• WHAT THE TASK ASKS
Below are records with pictures in them. Output exactly the lines from the one with "3、輸入后,在搜索結果中找到并點擊目標影視即可。" through the one with "Sada tří nástěnných", both included, and leave every picture out; give only those lines.

• THE DATA
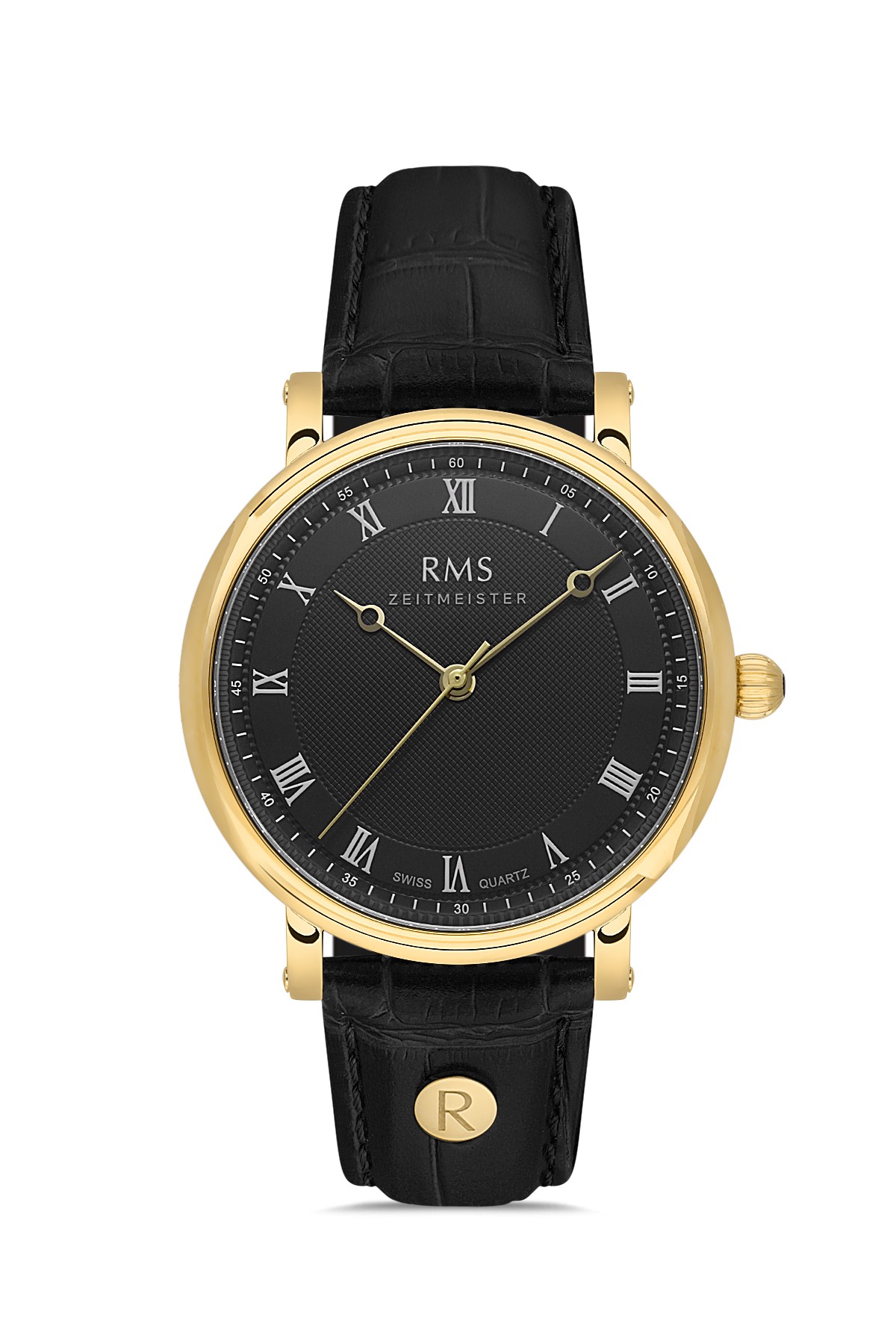 Erkek - Düz - Sari - Si̇yah - Doğal Deri̇ Kordon - Si̇yah - 3 Atm - Sertleşti̇ri̇lmi̇ş Mi̇neral Cam - Grand Romanson - 41
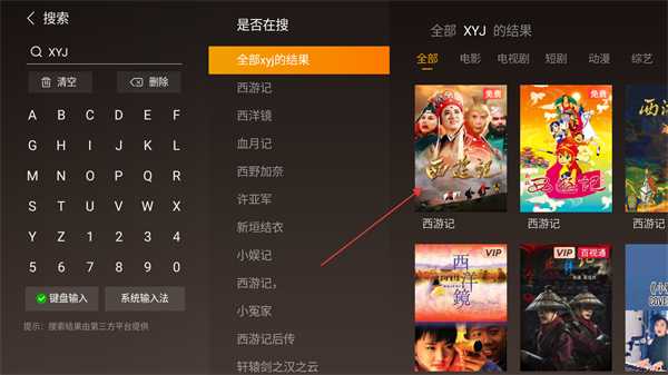 3、輸入后,在搜索結果中找到并點擊目標影視即可。
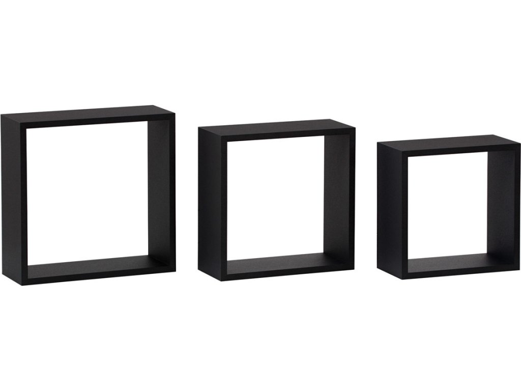 Sada tří nástěnných poliček v matné černé barvě je vyrobena z MDF materiálu, který nabízí kvalitní zpracování a snadnou údržbu. Poličky mají jednoduchý, moderní design s čistými liniemi a hranami, které podtrhují jejich minimalistický vzhled. Různé velikosti jednotlivých kusů umožňují variabilní uspořádání na stěně podle potřeby a prostoru. Jsou vhodné pro vystavení dekorací, knih nebo drobných předmětů a díky pevnému provedení zajistí stabilní oporu. Balení obsahuje ochrannou fólii pro bezpečnou manipulaci a přepravu.
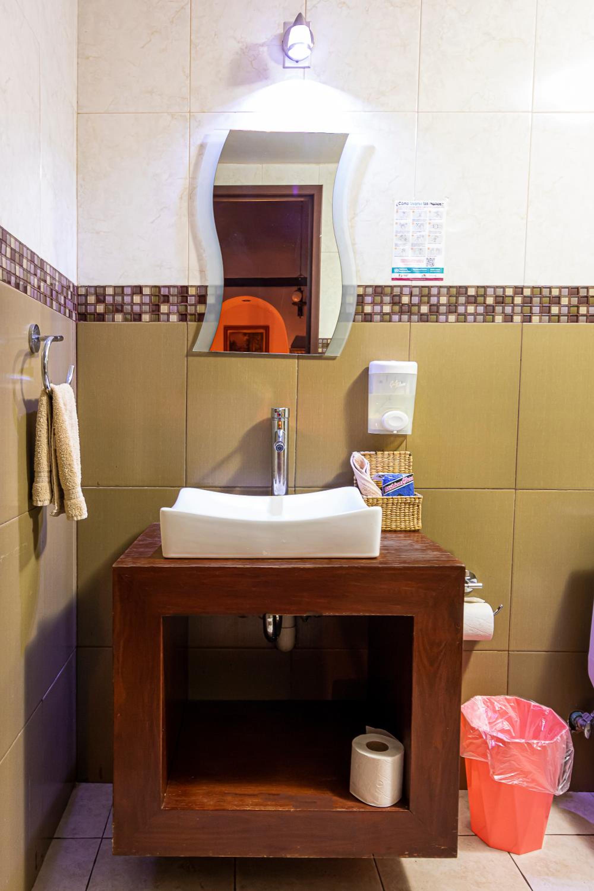 El desayuno estuvo bien, de precio accesible. Te dan café o té de cortesía, ya sea con galletas o pan. Las instalaciones están en muy buenas condiciones. El baño de la habitación estaba súper limpio y la recámara estaba bien equipada, con burro, plancha, closet, caja fuerte y un frigobar.
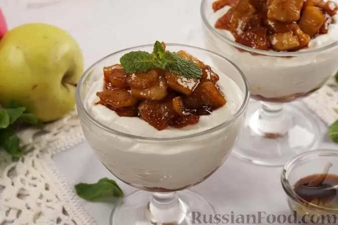 - Творожно-сметанный десерт с карамелизированными яблоками: Воздушное сочетание творога со сметаной и сладкими карамелизированными яблоками станет настоящим хитом на вашем столе.
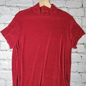 Linden Hill Red Mock Neck Short Sleeve Blouse Size L

• SOLUTION
 3、輸入后,在搜索結果中找到并點擊目標影視即可。
 Sada tří nástěnných poliček v matné černé barvě je vyrobena z MDF materiálu, který nabízí kvalitní zpracování a snadnou údržbu. Poličky mají jednoduchý, moderní design s čistými liniemi a hranami, které podtrhují jejich minimalistický vzhled. Různé velikosti jednotlivých kusů umožňují variabilní uspořádání na stěně podle potřeby a prostoru. Jsou vhodné pro vystavení dekorací, knih nebo drobných předmětů a díky pevnému provedení zajistí stabilní oporu. Balení obsahuje ochrannou fólii pro bezpečnou manipulaci a přepravu.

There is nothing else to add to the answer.